(Extracted records)
───
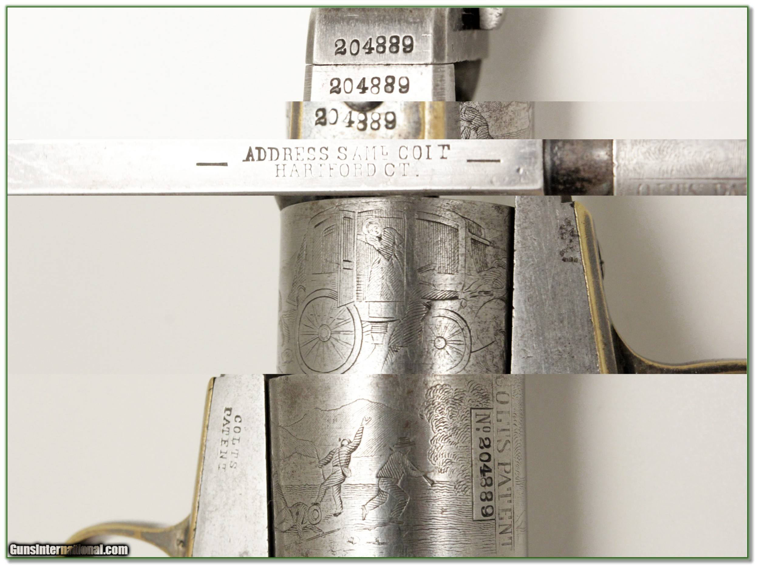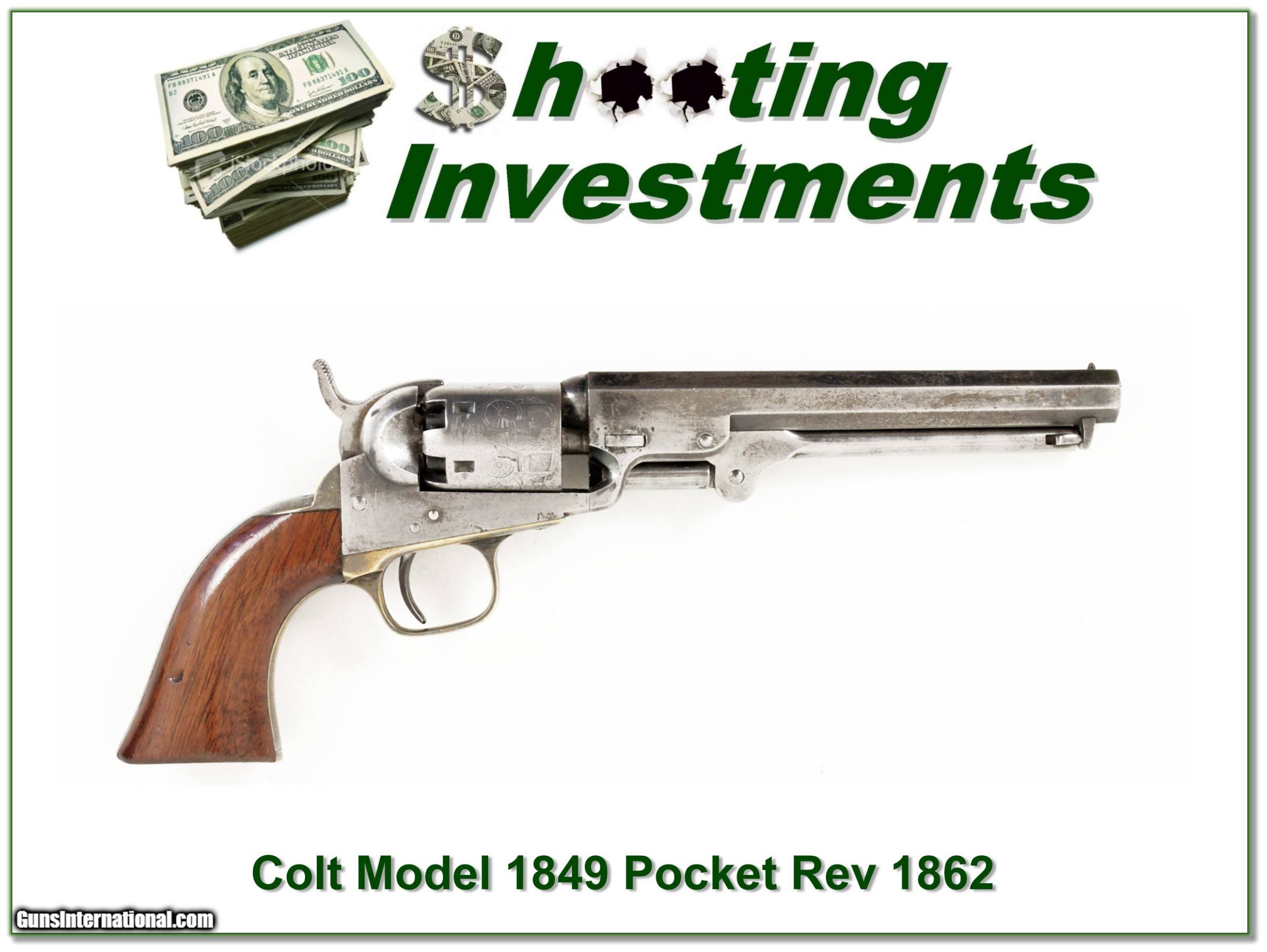 Description: This is an all original with all matching number Colt 1849 made in 1862. All letters, numbers and stagecoach engraving are still sharp. It will make a fine addition to any collection. I am selling this one on consignment and as such, lay-a-way can’t be used. It does of course have the standard 3-day inspection. Shipping and insurance is $49 or $19 more if you want it shipped in a new Plano hard case. Please email me with any questions or larger pictures. (Consign your quality firearms with Shooting Investments for only 10%! Let me know if you have any you would like to sell!) 17-0791 Payment: Payment is by Money Order, Cashiers Check or Personal Check. I can now also accept MasterCard and Visa with a 3% convenience fee. PayPal can be used for some items but never firearms. Please let us know if you would like to pay via PayPal. Shipping: The shipping charge will be listed in each description. It is $39 for most long guns and $29 for most handguns. Some heavy guns or those insured for over $2000 will be higher. Shipments to Alaska and Hawaii are higher because air shipment is required. Most firearms are shipped on Tuesday and Thursday and usually in 5 days of receipt of payment. We package all shipments carefully and insure them. For long guns you can purchase a new Plano case for $19. They now cost us $22 when buying 100 at a time. Optics are shipped Priority Mail and most other non-firearm shipments are shipped First Class. Returns: Our return policy is simple. If for any reason you are not pleased with your purchase, you may return your item for a full refund of purchase price. Ammunition cannot be returned. It is important to us that you are happy. Guns cannot be fired or dissembled before returning them and they must be returned in the same condition as received. Notification of a return must occur with-in 3 days of receipt at your dealer. Shipping, convenience and dealer fees are not refundable and are the responsibility of the buyer. Lay-a-way: If needed, we offer a 60 day lay-a-way option on most firearms. It is 1/3 now, 1/3 in 30 days and 1/3 in 60 days. Lay-a-way firearm sales are final and if not completed the first payment cannot be returned. Consigning your firearms with Shooting Investments: We will help you get top dollar for your firearms. While most local guns shops charge 20% or more, our fee is only 12% with a minimum of $75. At your local gun shop it might take months to sell. Selling on-line provides instant access to thousands of interested buyers. You won’t find any other on-line dealer willing to sell your firearms for only 12% or listing every gun on 3 separate s. Selling through an House typically costs the seller 15% and the buyer an addition 15% (so 30%) and you have to wait several months to sell and longer to receive funds. If properly priced, we will sell your firearms in a few weeks. Send us an email or give us a call and we’ll explain how easy it is for you to get top dollar. Trading: Trading for use is really just buying your gun to re-sell. If you have a gun you want to trade, please email a picture and we will let you know what we can give or it. You will always get more if we sell it for you on consignment. Help for California Buyers: We are happy to ship to California. It is the buyer’s responsibility to make sure any item you buy is legal in your state. We are also happy to help with your purchase of a firearm from someone other than us. If you see a gun you would like to buy but the seller can’t or won’t ship to California they can ship to use and we’ll then ship it to your California dealer. The cost for this service is only $30 + shipping. Let us know if we can help! SOLD |
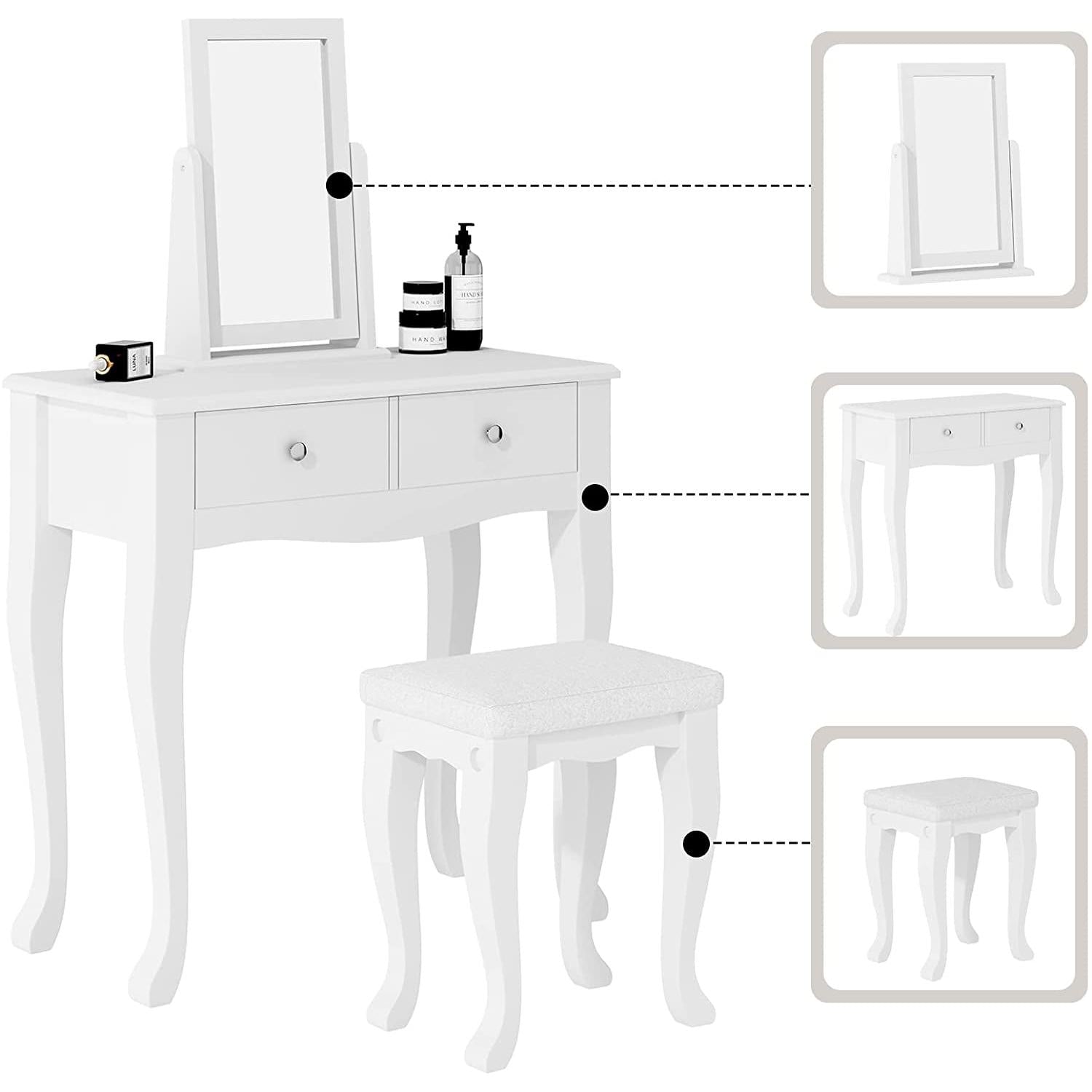 Designed to fit any bedroom or dressing area, this vanity table set pairs a sturdy table, a plush cushioned stool, and smart storage to keep your essentials within reach and your surface tidy.
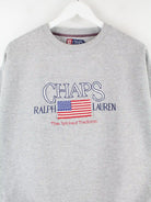 Grauer Sweater mit Stick der Marke Chaps by Ralph Lauren aus den 90'ern in Größe L. Er ist aus einer Baumwollmischung angefertigt und in gutem Zustand zu bekommen.
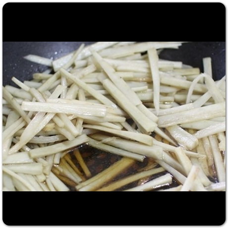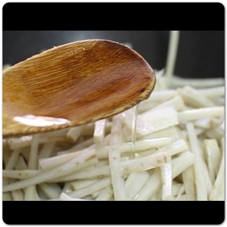 우엉조림 맛있게 하는법 이렇게 채썰어놓은 우엉은 대야에 물을 받은 뒤 식초를 1~2방울 정도 떨어트리고 그 안에 잠깐 넣어놓습니다. 이렇게 해놓으면 우엉이 갈변하는 것을 예방할 수 있습니다.
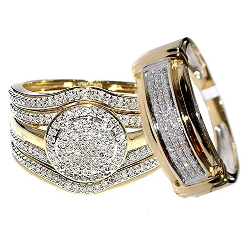 -. Binding : Jewelry -. Brand : Midwest Jewellery -. Department : womens -. Feature : Stunning 4 Piece Wedding Rings Set 3 for Women 1 for Men / Wide Mens Wedding band 9mm in 10K Yellow Gold / 10mm Wide Ladies Bridal Set with two matching ladies bands / Fine Rings Collection By MidwestJewellery / Rings Available in standard Size 7 for women and 10 for men -. ProductGroup : Jewelry -. ProductTypeName : FASHIONRING -. Title : Rings-MidwestJewellery.com 4-Piece 10K Yellow Gold 0.66carats Diamonds 19mm Wide Halo Style His and Her Bridal Trio Rings Set (I-J Color, I2-I3 Clarity)
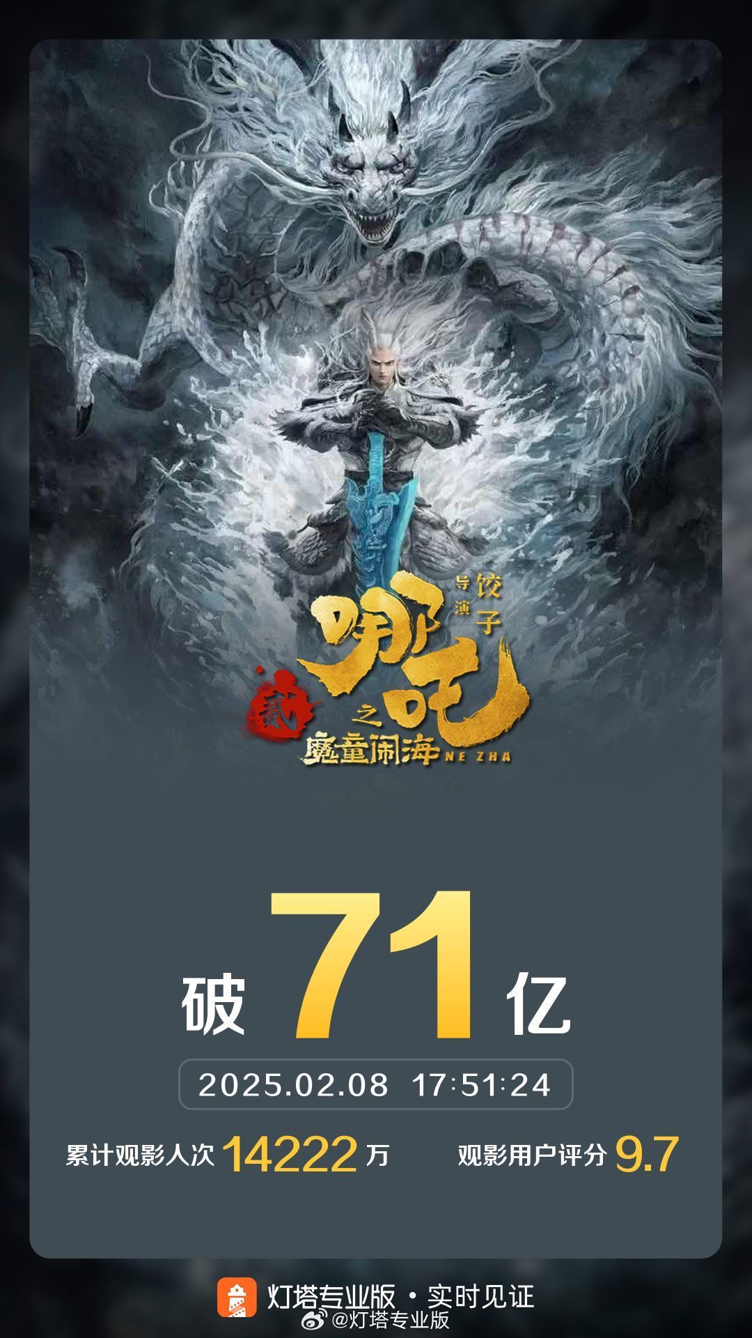 据灯塔专业版实时数据,截至2月8日17时51分,影片《哪吒之魔童闹海》票房突破71亿。
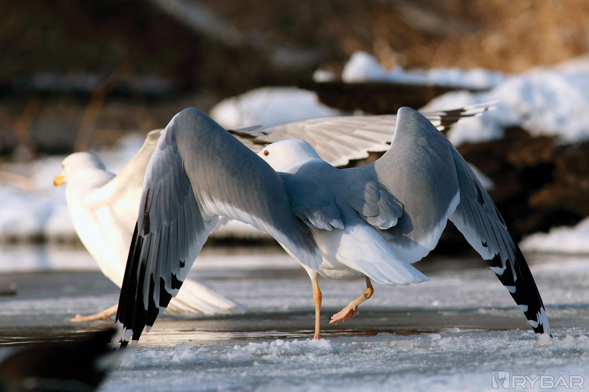 Vzápätí prilieta ďalšia čajka. Tiež by sa chcela priživiť.
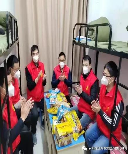 1月25日,是經(jīng)開集團志愿者秦勝攀34歲的生日。在晝錦中學隔離點,他向往常一樣重復著為隔離人員配送生活物資、清理垃圾、環(huán)境消殺等工作。下班后在宿舍出現(xiàn)了暖心的一幕:在這個特殊的時期、特殊的地方、特殊的環(huán)境,沒有蠟燭、沒有蛋糕,但有特殊的“家人”陪他一起過生日。“家人”們紛紛表示愛心,送上了溫暖的祝福。
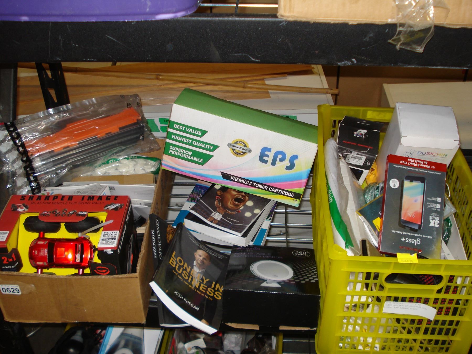 CRATE AND BOX OF ELECTRONICS, BOOKS, AND ESTATE GOODS
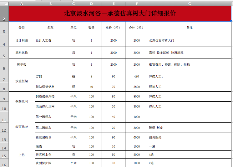 項目描述:仿真樹大門詳細報價按照整個仿真樹大門所用人、材、機的方式報價。其中把材料中的鋼材、水泥、顏色等進行詳細等劃分,細致到每棵仿真樹大門的每個細節(jié)所用的人工、材料等,方便以后客戶及同行使用。
───
▶ [What this task involves] Each entry above is to be written out again unchanged, apart from the pictures, which are left out.

▶ [Final answer]
 Description: This is an all original with all matching number Colt 1849 made in 1862. All letters, numbers and stagecoach engraving are still sharp. It will make a fine addition to any collection. I am selling this one on consignment and as such, lay-a-way can’t be used. It does of course have the standard 3-day inspection. Shipping and insurance is $49 or $19 more if you want it shipped in a new Plano hard case. Please email me with any questions or larger pictures. (Consign your quality firearms with Shooting Investments for only 10%! Let me know if you have any you would like to sell!) 17-0791 Payment: Payment is by Money Order, Cashiers Check or Personal Check. I can now also accept MasterCard and Visa with a 3% convenience fee. PayPal can be used for some items but never firearms. Please let us know if you would like to pay via PayPal. Shipping: The shipping charge will be listed in each description. It is $39 for most long guns and $29 for most handguns. Some heavy guns or those insured for over $2000 will be higher. Shipments to Alaska and Hawaii are higher because air shipment is required. Most firearms are shipped on Tuesday and Thursday and usually in 5 days of receipt of payment. We package all shipments carefully and insure them. For long guns you can purchase a new Plano case for $19. They now cost us $22 when buying 100 at a time. Optics are shipped Priority Mail and most other non-firearm shipments are shipped First Class. Returns: Our return policy is simple. If for any reason you are not pleased with your purchase, you may return your item for a full refund of purchase price. Ammunition cannot be returned. It is important to us that you are happy. Guns cannot be fired or dissembled before returning them and they must be returned in the same condition as received. Notification of a return must occur with-in 3 days of receipt at your dealer. Shipping, convenience and dealer fees are not refundable and are the responsibility of the buyer. Lay-a-way: If needed, we offer a 60 day lay-a-way option on most firearms. It is 1/3 now, 1/3 in 30 days and 1/3 in 60 days. Lay-a-way firearm sales are final and if not completed the first payment cannot be returned. Consigning your firearms with Shooting Investments: We will help you get top dollar for your firearms. While most local guns shops charge 20% or more, our fee is only 12% with a minimum of $75. At your local gun shop it might take months to sell. Selling on-line provides instant access to thousands of interested buyers. You won’t find any other on-line dealer willing to sell your firearms for only 12% or listing every gun on 3 separate s. Selling through an House typically costs the seller 15% and the buyer an addition 15% (so 30%) and you have to wait several months to sell and longer to receive funds. If properly priced, we will sell your firearms in a few weeks. Send us an email or give us a call and we’ll explain how easy it is for you to get top dollar. Trading: Trading for use is really just buying your gun to re-sell. If you have a gun you want to trade, please email a picture and we will let you know what we can give or it. You will always get more if we sell it for you on consignment. Help for California Buyers: We are happy to ship to California. It is the buyer’s responsibility to make sure any item you buy is legal in your state. We are also happy to help with your purchase of a firearm from someone other than us. If you see a gun you would like to buy but the seller can’t or won’t ship to California they can ship to use and we’ll then ship it to your California dealer. The cost for this service is only $30 + shipping. Let us know if we can help! SOLD |
 Designed to fit any bedroom or dressing area, this vanity table set pairs a sturdy table, a plush cushioned stool, and smart storage to keep your essentials within reach and your surface tidy.
 Grauer Sweater mit Stick der Marke Chaps by Ralph Lauren aus den 90'ern in Größe L. Er ist aus einer Baumwollmischung angefertigt und in gutem Zustand zu bekommen.
 우엉조림 맛있게 하는법 이렇게 채썰어놓은 우엉은 대야에 물을 받은 뒤 식초를 1~2방울 정도 떨어트리고 그 안에 잠깐 넣어놓습니다. 이렇게 해놓으면 우엉이 갈변하는 것을 예방할 수 있습니다.
 -. Binding : Jewelry -. Brand : Midwest Jewellery -. Department : womens -. Feature : Stunning 4 Piece Wedding Rings Set 3 for Women 1 for Men / Wide Mens Wedding band 9mm in 10K Yellow Gold / 10mm Wide Ladies Bridal Set with two matching ladies bands / Fine Rings Collection By MidwestJewellery / Rings Available in standard Size 7 for women and 10 for men -. ProductGroup : Jewelry -. ProductTypeName : FASHIONRING -. Title : Rings-MidwestJewellery.com 4-Piece 10K Yellow Gold 0.66carats Diamonds 19mm Wide Halo Style His and Her Bridal Trio Rings Set (I-J Color, I2-I3 Clarity)
 据灯塔专业版实时数据,截至2月8日17时51分,影片《哪吒之魔童闹海》票房突破71亿。
 Vzápätí prilieta ďalšia čajka. Tiež by sa chcela priživiť.
 1月25日,是經(jīng)開集團志愿者秦勝攀34歲的生日。在晝錦中學隔離點,他向往常一樣重復著為隔離人員配送生活物資、清理垃圾、環(huán)境消殺等工作。下班后在宿舍出現(xiàn)了暖心的一幕:在這個特殊的時期、特殊的地方、特殊的環(huán)境,沒有蠟燭、沒有蛋糕,但有特殊的“家人”陪他一起過生日。“家人”們紛紛表示愛心,送上了溫暖的祝福。
 CRATE AND BOX OF ELECTRONICS, BOOKS, AND ESTATE GOODS
 項目描述:仿真樹大門詳細報價按照整個仿真樹大門所用人、材、機的方式報價。其中把材料中的鋼材、水泥、顏色等進行詳細等劃分,細致到每棵仿真樹大門的每個細節(jié)所用的人工、材料等,方便以后客戶及同行使用。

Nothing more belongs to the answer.